*Required work:*
Your output should be the lines below from the one holding "Meren ekosysteemistä oli" through the one holding "De auto is uitgerust", transcribed exactly, with no pictures.

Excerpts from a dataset
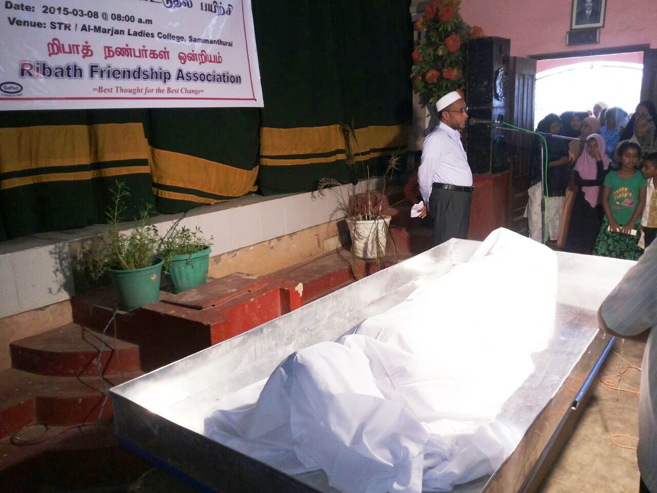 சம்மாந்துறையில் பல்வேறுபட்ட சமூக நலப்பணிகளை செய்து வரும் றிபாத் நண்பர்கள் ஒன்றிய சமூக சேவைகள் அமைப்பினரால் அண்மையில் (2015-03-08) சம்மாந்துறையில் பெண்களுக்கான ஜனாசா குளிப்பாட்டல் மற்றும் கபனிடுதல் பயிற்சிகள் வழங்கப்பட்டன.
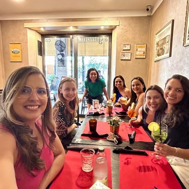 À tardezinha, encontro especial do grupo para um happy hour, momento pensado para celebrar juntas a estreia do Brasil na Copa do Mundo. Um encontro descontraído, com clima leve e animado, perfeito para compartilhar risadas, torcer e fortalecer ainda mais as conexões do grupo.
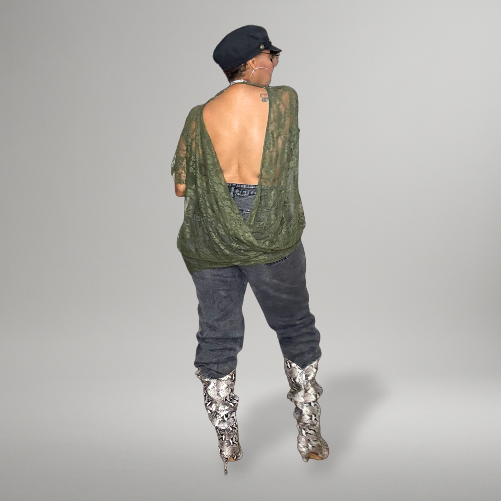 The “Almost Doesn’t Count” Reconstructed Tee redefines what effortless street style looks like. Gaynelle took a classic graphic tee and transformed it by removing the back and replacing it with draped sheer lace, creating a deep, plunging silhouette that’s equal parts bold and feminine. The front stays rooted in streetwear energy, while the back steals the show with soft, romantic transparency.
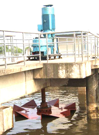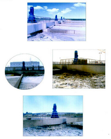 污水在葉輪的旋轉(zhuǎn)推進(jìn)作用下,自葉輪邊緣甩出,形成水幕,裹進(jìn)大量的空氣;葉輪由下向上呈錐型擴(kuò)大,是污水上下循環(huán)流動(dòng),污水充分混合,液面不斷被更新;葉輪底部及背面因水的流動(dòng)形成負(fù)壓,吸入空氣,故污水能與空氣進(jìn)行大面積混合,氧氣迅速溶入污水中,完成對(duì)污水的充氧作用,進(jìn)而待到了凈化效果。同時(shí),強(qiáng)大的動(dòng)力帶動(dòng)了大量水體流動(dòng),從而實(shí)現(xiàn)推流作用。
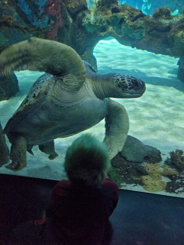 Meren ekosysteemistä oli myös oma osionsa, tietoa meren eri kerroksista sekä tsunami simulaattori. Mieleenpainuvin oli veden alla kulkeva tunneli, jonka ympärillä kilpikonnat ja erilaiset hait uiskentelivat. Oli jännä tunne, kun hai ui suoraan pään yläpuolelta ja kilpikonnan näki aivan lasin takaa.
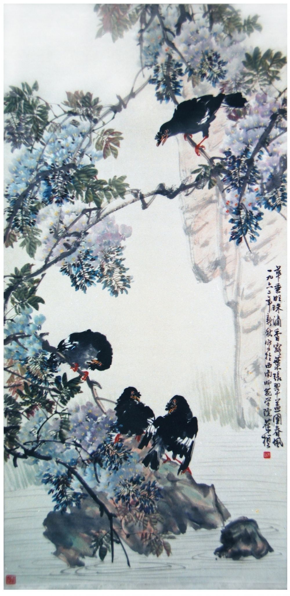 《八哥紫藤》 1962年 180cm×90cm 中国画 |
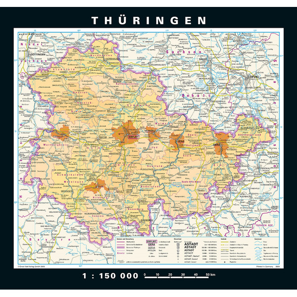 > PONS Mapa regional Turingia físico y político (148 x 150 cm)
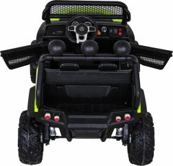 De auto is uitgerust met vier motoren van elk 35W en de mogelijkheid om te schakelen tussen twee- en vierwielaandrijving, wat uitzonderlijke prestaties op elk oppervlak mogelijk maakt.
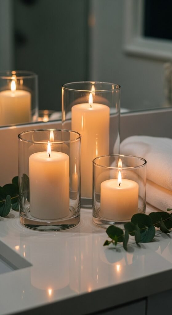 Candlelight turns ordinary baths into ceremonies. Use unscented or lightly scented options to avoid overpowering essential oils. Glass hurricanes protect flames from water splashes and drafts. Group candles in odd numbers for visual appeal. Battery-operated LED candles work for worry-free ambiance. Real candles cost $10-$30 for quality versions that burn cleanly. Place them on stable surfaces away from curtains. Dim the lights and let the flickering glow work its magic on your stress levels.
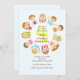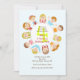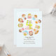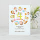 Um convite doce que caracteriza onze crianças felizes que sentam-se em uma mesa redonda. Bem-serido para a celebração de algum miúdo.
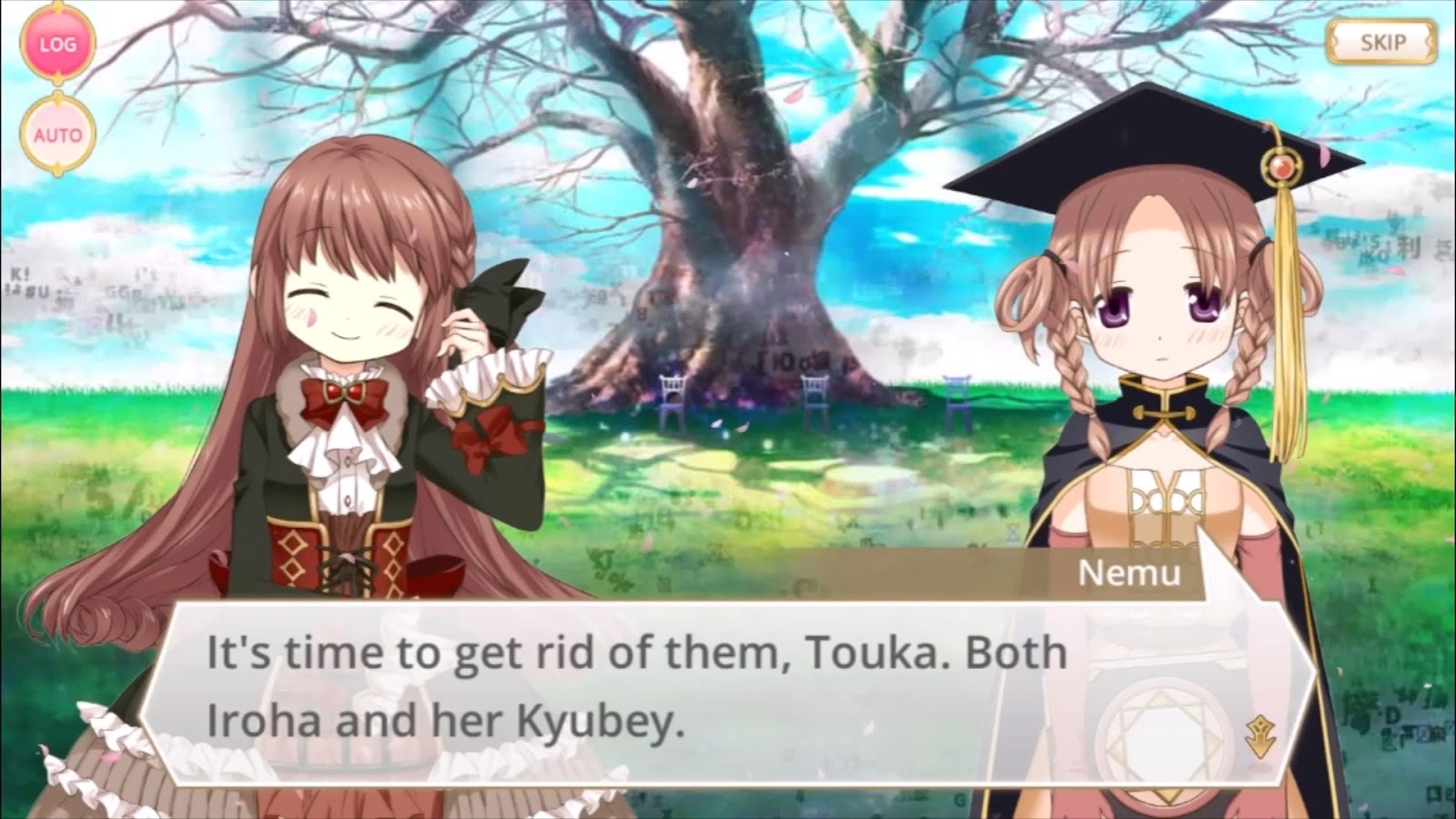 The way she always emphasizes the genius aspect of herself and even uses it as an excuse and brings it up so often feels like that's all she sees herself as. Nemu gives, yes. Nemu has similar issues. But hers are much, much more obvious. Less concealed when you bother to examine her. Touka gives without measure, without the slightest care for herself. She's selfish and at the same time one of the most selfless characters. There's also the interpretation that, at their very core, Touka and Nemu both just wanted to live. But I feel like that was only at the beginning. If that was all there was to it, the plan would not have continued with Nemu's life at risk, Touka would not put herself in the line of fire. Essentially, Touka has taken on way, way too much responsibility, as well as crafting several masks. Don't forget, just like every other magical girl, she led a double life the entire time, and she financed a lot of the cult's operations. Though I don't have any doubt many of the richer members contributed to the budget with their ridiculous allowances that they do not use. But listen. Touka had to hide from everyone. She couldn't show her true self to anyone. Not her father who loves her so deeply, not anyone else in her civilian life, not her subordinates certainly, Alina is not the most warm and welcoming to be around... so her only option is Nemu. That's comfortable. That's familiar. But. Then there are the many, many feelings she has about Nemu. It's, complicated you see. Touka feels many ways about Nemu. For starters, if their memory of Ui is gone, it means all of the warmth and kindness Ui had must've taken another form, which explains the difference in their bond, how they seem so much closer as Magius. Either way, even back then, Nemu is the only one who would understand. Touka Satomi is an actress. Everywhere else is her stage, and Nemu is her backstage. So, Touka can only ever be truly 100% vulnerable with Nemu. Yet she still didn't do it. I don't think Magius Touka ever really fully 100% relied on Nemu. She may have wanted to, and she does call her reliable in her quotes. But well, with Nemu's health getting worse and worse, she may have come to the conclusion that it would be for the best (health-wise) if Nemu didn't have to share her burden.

--

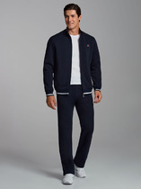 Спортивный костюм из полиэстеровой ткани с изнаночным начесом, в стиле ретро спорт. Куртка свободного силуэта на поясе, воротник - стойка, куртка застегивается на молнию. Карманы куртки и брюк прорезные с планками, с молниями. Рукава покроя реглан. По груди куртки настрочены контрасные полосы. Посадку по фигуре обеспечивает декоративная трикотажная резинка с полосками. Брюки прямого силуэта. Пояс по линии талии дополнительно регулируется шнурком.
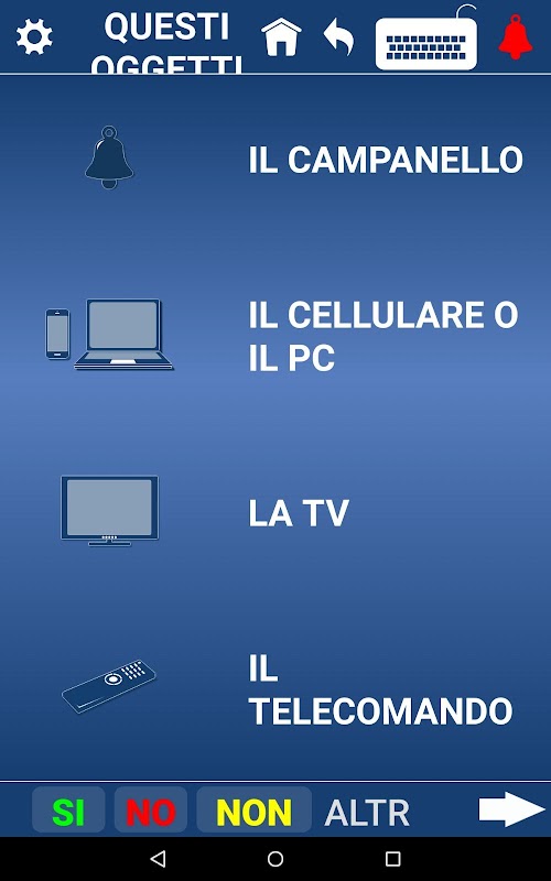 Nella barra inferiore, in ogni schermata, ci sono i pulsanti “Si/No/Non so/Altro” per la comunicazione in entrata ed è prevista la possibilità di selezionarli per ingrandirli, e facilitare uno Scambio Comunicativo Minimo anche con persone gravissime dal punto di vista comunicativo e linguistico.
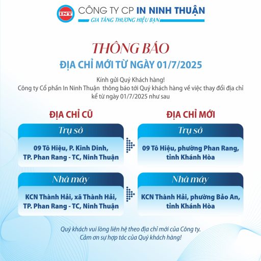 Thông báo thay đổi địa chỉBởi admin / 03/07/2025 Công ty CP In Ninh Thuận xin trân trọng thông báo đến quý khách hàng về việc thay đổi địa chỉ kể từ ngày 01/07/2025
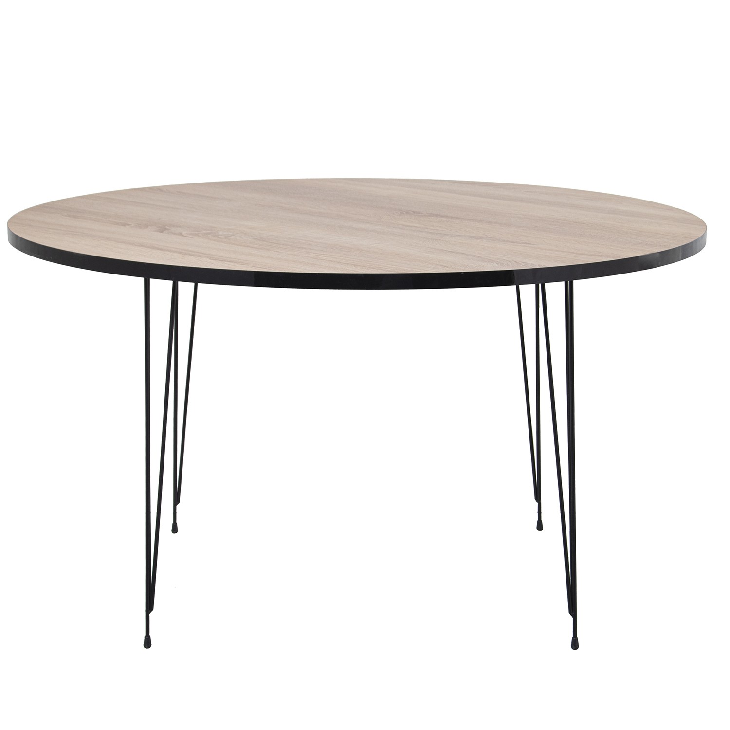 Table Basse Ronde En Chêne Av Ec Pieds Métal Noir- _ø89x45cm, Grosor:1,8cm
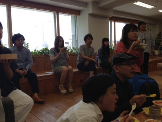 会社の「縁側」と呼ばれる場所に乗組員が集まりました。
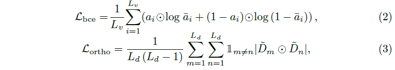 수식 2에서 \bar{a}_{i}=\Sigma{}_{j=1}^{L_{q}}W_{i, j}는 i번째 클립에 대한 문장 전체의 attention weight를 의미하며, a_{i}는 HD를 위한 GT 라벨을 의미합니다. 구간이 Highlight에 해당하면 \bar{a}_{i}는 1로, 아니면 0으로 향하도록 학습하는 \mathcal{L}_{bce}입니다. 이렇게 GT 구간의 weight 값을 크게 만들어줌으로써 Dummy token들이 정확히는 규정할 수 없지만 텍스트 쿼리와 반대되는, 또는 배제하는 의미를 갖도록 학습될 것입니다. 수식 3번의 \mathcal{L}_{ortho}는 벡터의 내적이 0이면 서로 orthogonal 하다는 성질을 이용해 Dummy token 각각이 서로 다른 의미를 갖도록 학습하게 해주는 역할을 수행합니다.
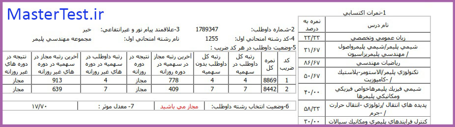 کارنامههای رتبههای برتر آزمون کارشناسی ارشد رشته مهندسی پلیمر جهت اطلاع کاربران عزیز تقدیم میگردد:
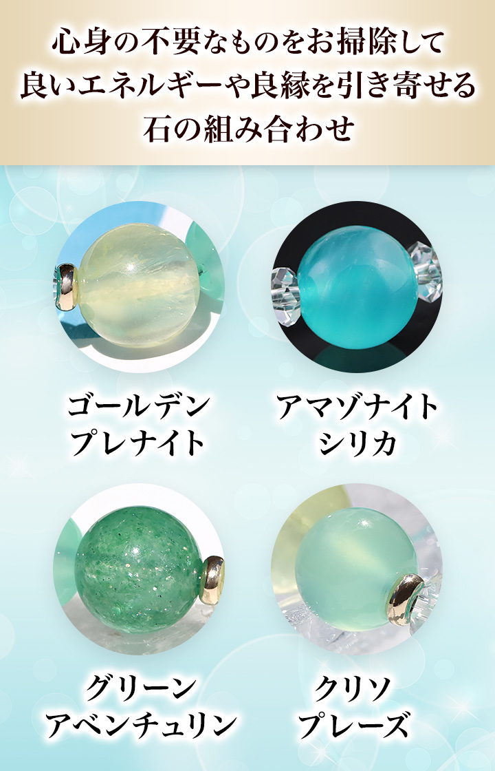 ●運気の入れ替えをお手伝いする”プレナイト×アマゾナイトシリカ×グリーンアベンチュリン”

*Your solution:*
 Meren ekosysteemistä oli myös oma osionsa, tietoa meren eri kerroksista sekä tsunami simulaattori. Mieleenpainuvin oli veden alla kulkeva tunneli, jonka ympärillä kilpikonnat ja erilaiset hait uiskentelivat. Oli jännä tunne, kun hai ui suoraan pään yläpuolelta ja kilpikonnan näki aivan lasin takaa.
 《八哥紫藤》 1962年 180cm×90cm 中国画 |
 > PONS Mapa regional Turingia físico y político (148 x 150 cm)
 De auto is uitgerust met vier motoren van elk 35W en de mogelijkheid om te schakelen tussen twee- en vierwielaandrijving, wat uitzonderlijke prestaties op elk oppervlak mogelijk maakt.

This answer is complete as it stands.